Mysql – Performance impact MySQL replication vs table-synchronisation script

MySQL

Currently I am considering implementing a MySQL table replication solution for a client, this client has 2 servers in 2 different locations:

  • Server 1 running an application with mysql databases (Running Ubuntu 14.04 LTS)
  • Server 2 has a PHP webserver frontend to serve it's customers with a website and customer panel (also Ubuntu, same version).

The databases on server 1 total around 2.5 GB in size.
The servers are in different data centers but within 5ms latency of one another both with gigabit uplinks and heavy dataplans.

Currently the webserver(2) relies completely on the availability of the application server (1). Though this is essential it does mean that the webserver is effectively useless in case of maintenance or unscheduled downtime, the client does not wish to synchronize the databases to both locations but would allow the synchronization of a single table of account login data (just the one table, no other tables from the same database) to at least keep the bare functionality of the website intact.

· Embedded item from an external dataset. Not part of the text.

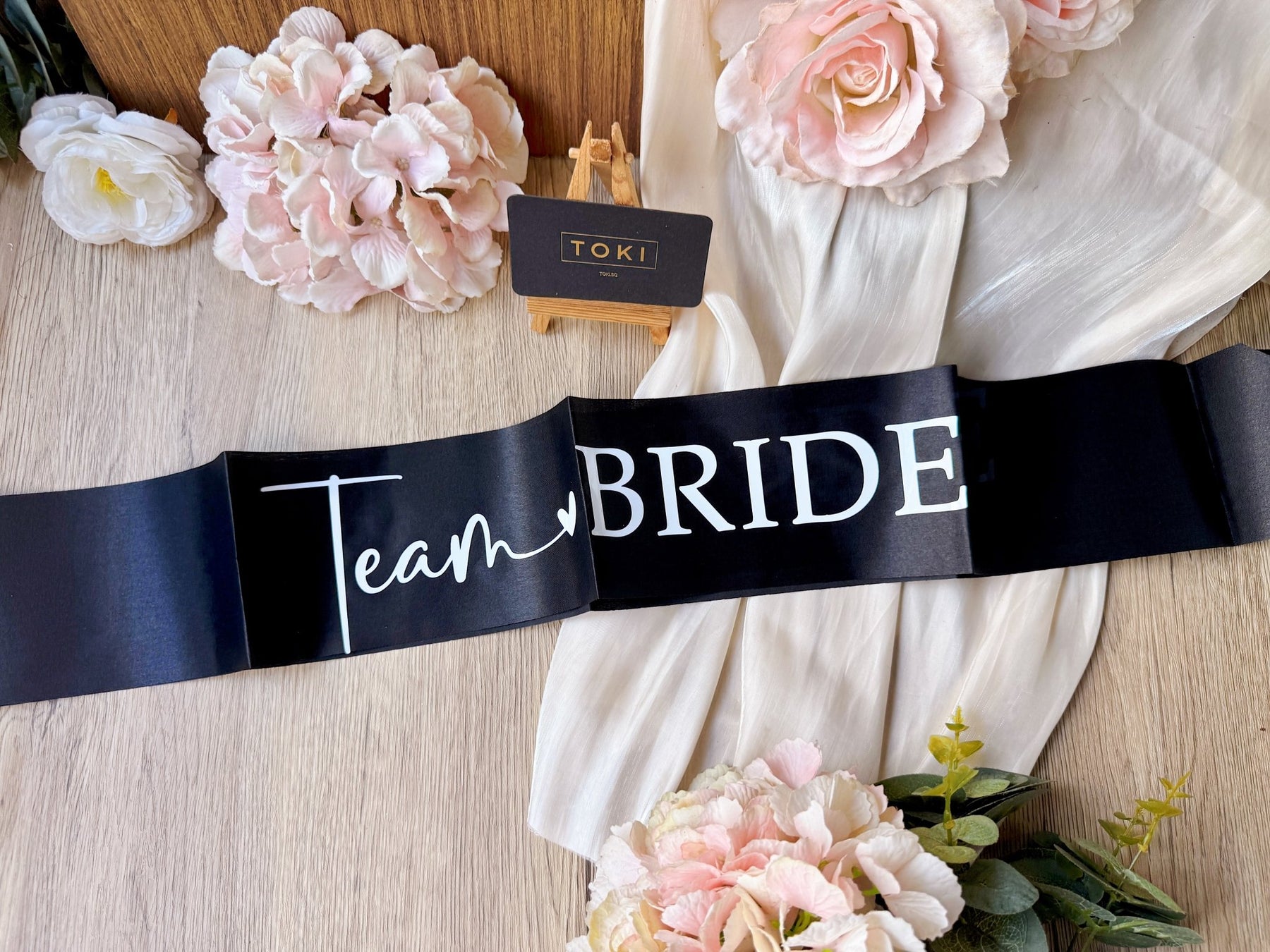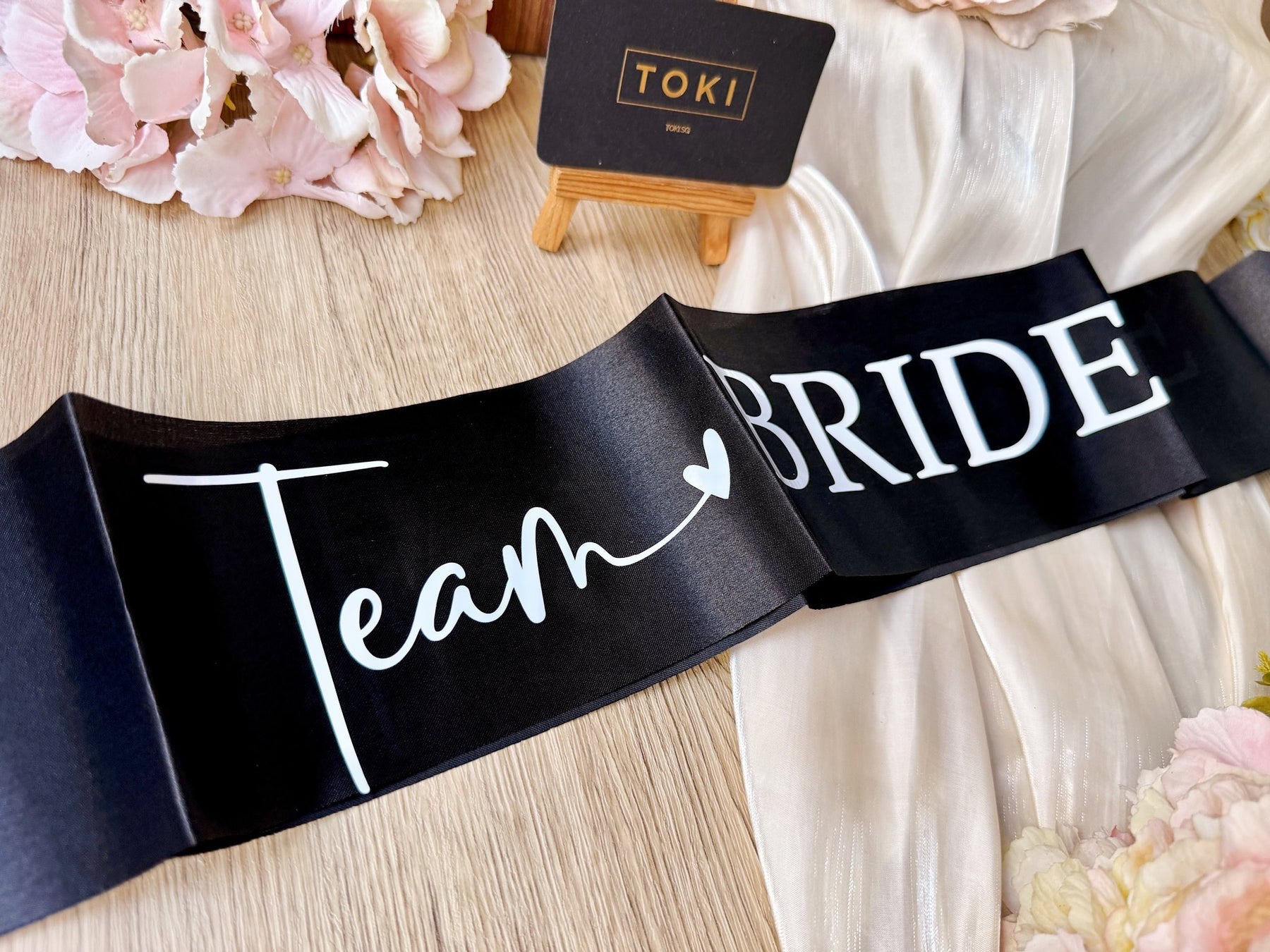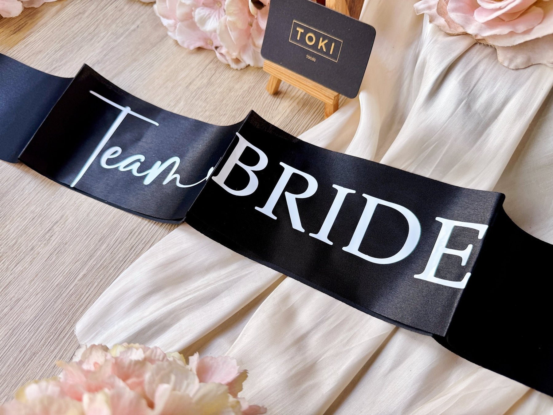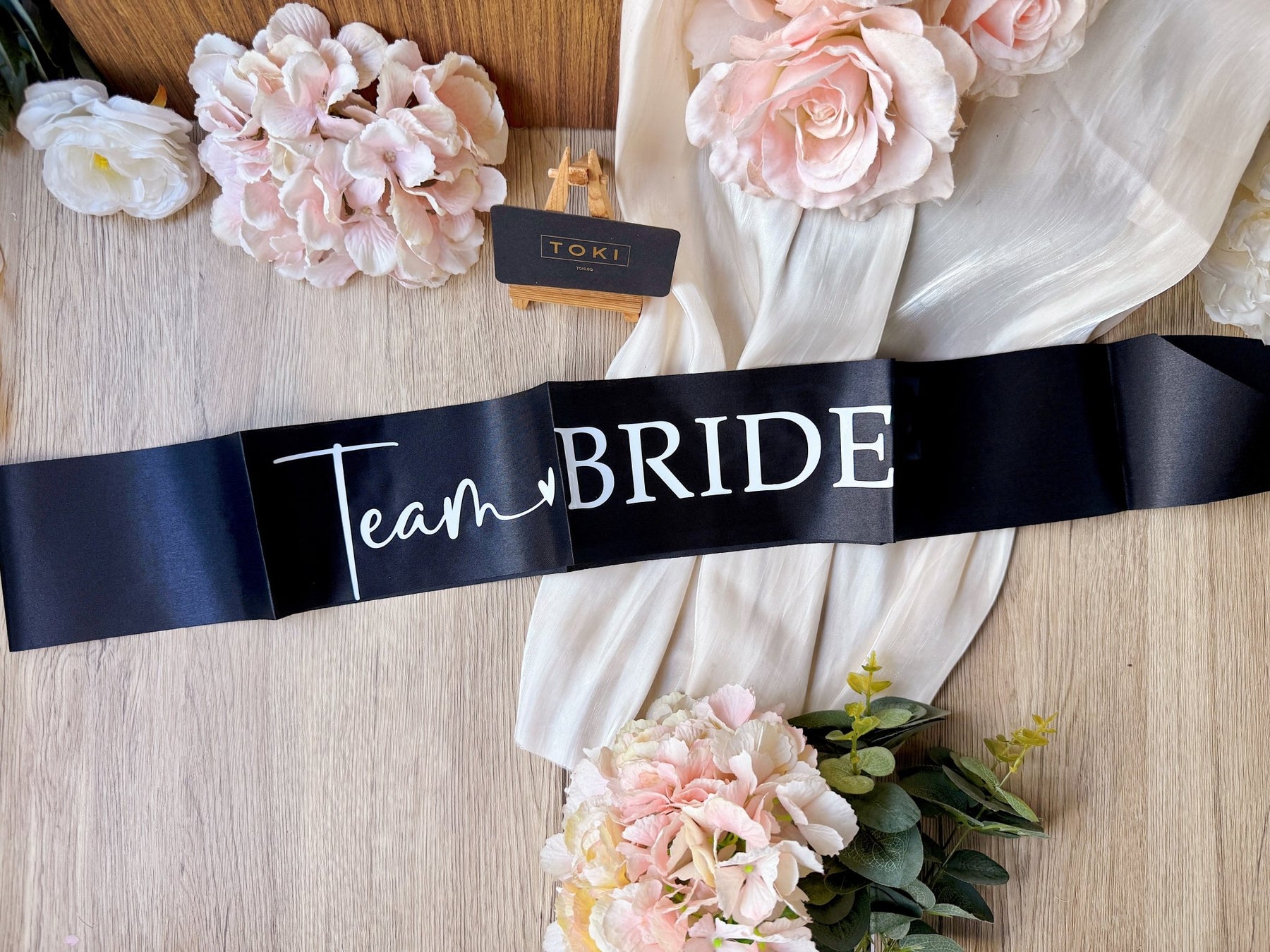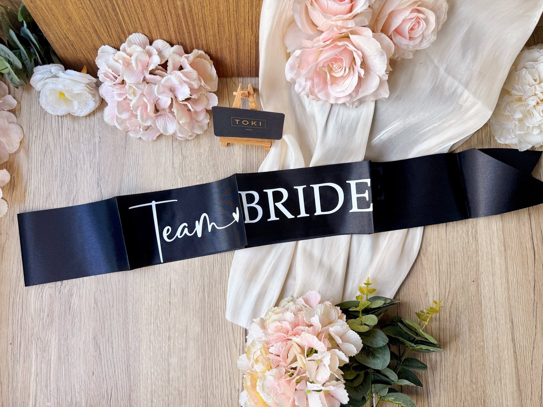 Celebrate in style with this elegant black cursive "Team Bride" sash, perfect for bachelorette parties. Designed for bridesmaids, it adds a fun and coordinated touch to any celebration, making everyone feel special and connected. Lightweight and easy to wear, it’s a great way to show your team spirit during pre-wedding festivities.

Now the 2 options I currently am considering are:
A. Setting up MySQL Replication Master->Slave setup for this table
B. Using a "smart/efficient" table sync script (https://www.percona.com/doc/percona-toolkit/2.1/pt-table-sync.html)

My consideration is also that the binary log of the application mysql server is around 8.5Gb a day and I was unable to find out the exact performance impact of this is on replication. I can say that the table of which I speak is 88MB and has around ~250.000 rows. The daily changes to the account table I wish to synchronize are very minor, I expect less than 1000 rows a day).

I am currently leaning towards option B because

  • It would avoid future issues on mysql version conflicts between servers (which I do not both manage for the client)
  • The amount of data changes are rather light on the specific table I wish to synchronize.
  • The methods MySQL offered to synchronize just specific tables seemed to fall short as the replication technology puts more emphasis for use as a full replication solution (in this my fear that big binary logs would have a negative impact based on mysql forum/article comments)
  • "to the second" data accuracy is not an concern for the client, a sync every hour would already suffice (his words).

My question then of course is if anyone can provide information on if option A or B (or another) would be preferred in this scenario and more importantly why?

Please note: I aim to keep the core setup which the client runs intact, the application or web server cannot switch to another database engine.

Best Answer

First of all about Variant A:

  1. Size of bin-log will not affect to performance if You will use filter to replicate only selected tables, and even if You will replicate all - it also normally not a problem. For compare we replicate 20Gb (and more) between datacenter with real-time loading (telecom)
  2. Keep version of Source and Target Server same - it good practice even if You choose Variant B - it avoid many other troubles

About Variant B - I personally look for tools similar pt-table-sync as for excellent but occasional tools in Your toolbox, and not for permanent solution. I can not explain drawbacks, it just personal vision

Variant C: Tools like - SymmetricDS

Variant D: I personally actively work now with CDC variants, when You parse bin-logs and ship them to subscriber over message queue.

I have tested under loading at least 2 working solution (really it more for now):

  1. StreamSets
  2. Maxwell + Talend
  3. Very interesting for some reasons - MariaDB MaxScale, but have not a time for make it work

I personally like this because:

  1. have a lot of integration projects
  2. not always source and target system same. Most resent in my case - MySQL to Redshift, DB2
  3. It also allow realise "event-based" integration - fire Sub-Job when specific data changed
  4. Have more than 1 subscriber with the same producer

Edited for add answer for question in comments:

The problem as medal have 2 (and more) sides:

  1. Size of binary-logs - this is objective, but with good network it not a issue. for make shipping faster You can enable compression - see more
  2. Time what Slave need to apply all changes from Master. Even if You enable multithread slave it still slower than on Master, and by default with single thread it could be a problem with very high amount of changes on Master.

But as I wrote You can enable filter on Slave side for reduce number of monitored objects - replicate-do-table and Slave will ignore all other changes and apply only for this table (this is case of more wide filter - replicate-do-db), You can repeat this settings for several tables, or use wildcards

Filter logic diagram

Any solution have and benefits and drawbacks, I will prefer Replication because it will apply updates "on the fly" but not only when I run the external program.